Se Dante rinascesse verrebbe classificato tra gli xenofobi e cercherebbero di metterlo a tacere. Io ogni volta che in un articolo scrivo «negro» ricevo dieci mail di insulti e di minacce, lui ne riceverebbe diecimila ogni volta che provasse a sintetizzare la società multiculturale con quel suo verso infernale: «Diverse lingue, orribili favelle... ». Non avrebbe mai votato un Bersani che prende in braccia bambine ghanesi per far vedere quant’è buono e accogliente: sapeva essere cattivo e respingente come pochi. Per sdegnarlo non c’era bisogno dell’immigrazione extra-europea e nemmeno di quella extra-italiana o extra-toscana: bastava l’immigrazione extrafiorentina. Ce l’aveva con i Cerchi perché venivano da Pontassieve. Ma come si erano permessi, quei villici, quei selvaggi? «Che la tolleranza non fosse tra le sue virtù traspare da ogni suo atto», scrive Santagata.

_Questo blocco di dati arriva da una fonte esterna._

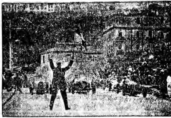
Start do wyścigu samochodowego o „Wielką Nagrodę Monaco”, uważanego ze względu na górzysty teren i liczne ostre zakręty za najtrudniejszą próbę dla automobilistyk.
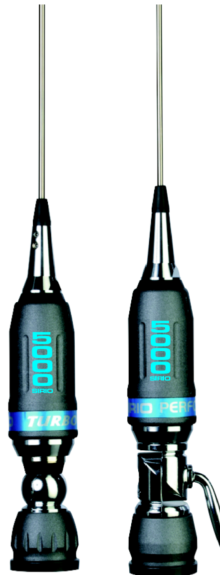
TURBO 5000 PERFORMER 5000
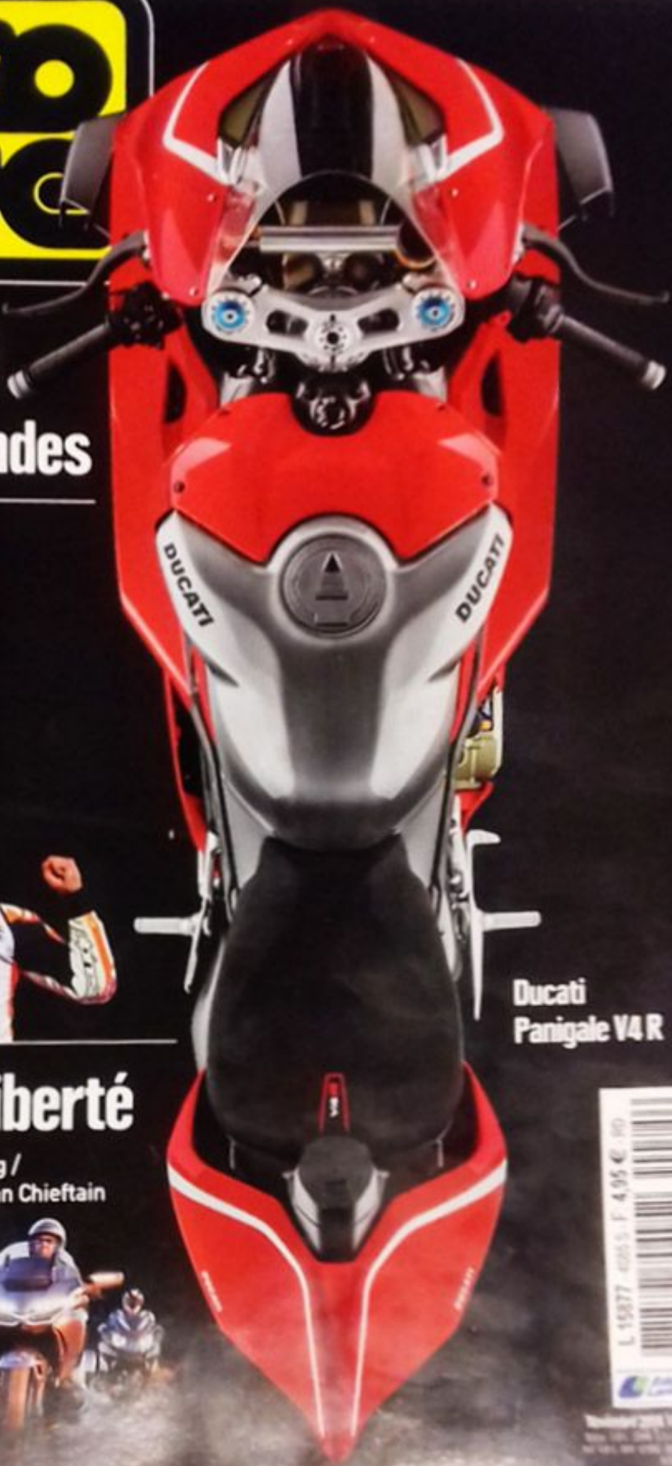
Ducati Panigale V4 R
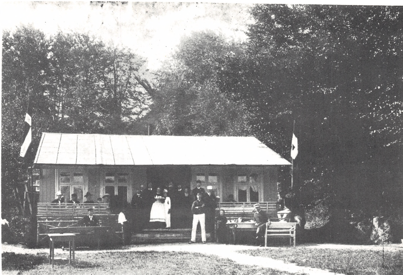
"Christiansminde" omkring 1890

de mystiske ting, der fandt sted ved disse møder – det meste var vel nok kun gisninger – og i de lokale sommerrevuer måtte de gæve ålespisere da som regel også stå for skud. I et vers hed det:
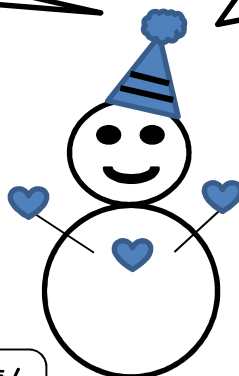
冬道プチ情報：膝をあげるように歩くと滑りにくいんだって！

部活動や塾の終了後等は、寄り道せず速やかに帰宅しよう！帰宅時刻を過ぎても、暗い中公園にいて指導員とお話したみんなもいましたね。みんな事件や事故に巻き込まれないよう無事に帰宅してほしいです。

Trasudava antidemocrazia da tutti i pori e da ogni riga. Teneva a distanza i lavoratori e quando per partecipare alla vita pubblica dovette iscriversi a un’Arte venne registrato come «scioperato», immagino con sua grande soddisfazione. Teneva a distanza i poveri, lui che ricco non fu mai: il padre era un modesto mediatore che alla sua morte aveva lasciato piccole proprietà di poco reddito da dividere tra vari fratelli. Però fingeva di esserlo, forse per stare alla pari col suocero che era cavaliere e con l’amico Guido Cavalcanti, uno dei massimi capitalisti di Firenze. Nell’autobiografica Vita Nuova descrive una magione signorile e spaziosa, ma Santagata lo sgama: in quel periodo viveva in un alloggio sovraffollato. E negli anni dell’esilio gli andò pure peggio: tranne forse negli ultimi mesi a Ravenna, ebbe sempre grossi problemi economici.
Infine teneva a distanza i popolani, lui che nobile non era. La nobiltà era una sua ossessione, alla classe aristocratica a cui desiderava ardentemente di appartenere dedicò un intero libro, il Convivio. Principi e baroni avrebbero dovuto riprendere in mano la situazione e tornare a essere il fulcro di una società gerarchica, in cui il valore del denaro e del numero fosse subordinato a quello del sangue e dell’onore. La sua destra oltre che divina era onirica, sognava il ritorno al feudalesimo e sognava talmente tanto che in Paradiso si fece confezionare dal trisavolo Cacciaguida l’appartenenza a una stirpe di cavalieri di nomina imperiale. Nomina «assai dubbia », precisa Santagata. Ma per marcare le distanze dal vulgo profano avrebbe fatto carte false, quel destro dell’Alighieri.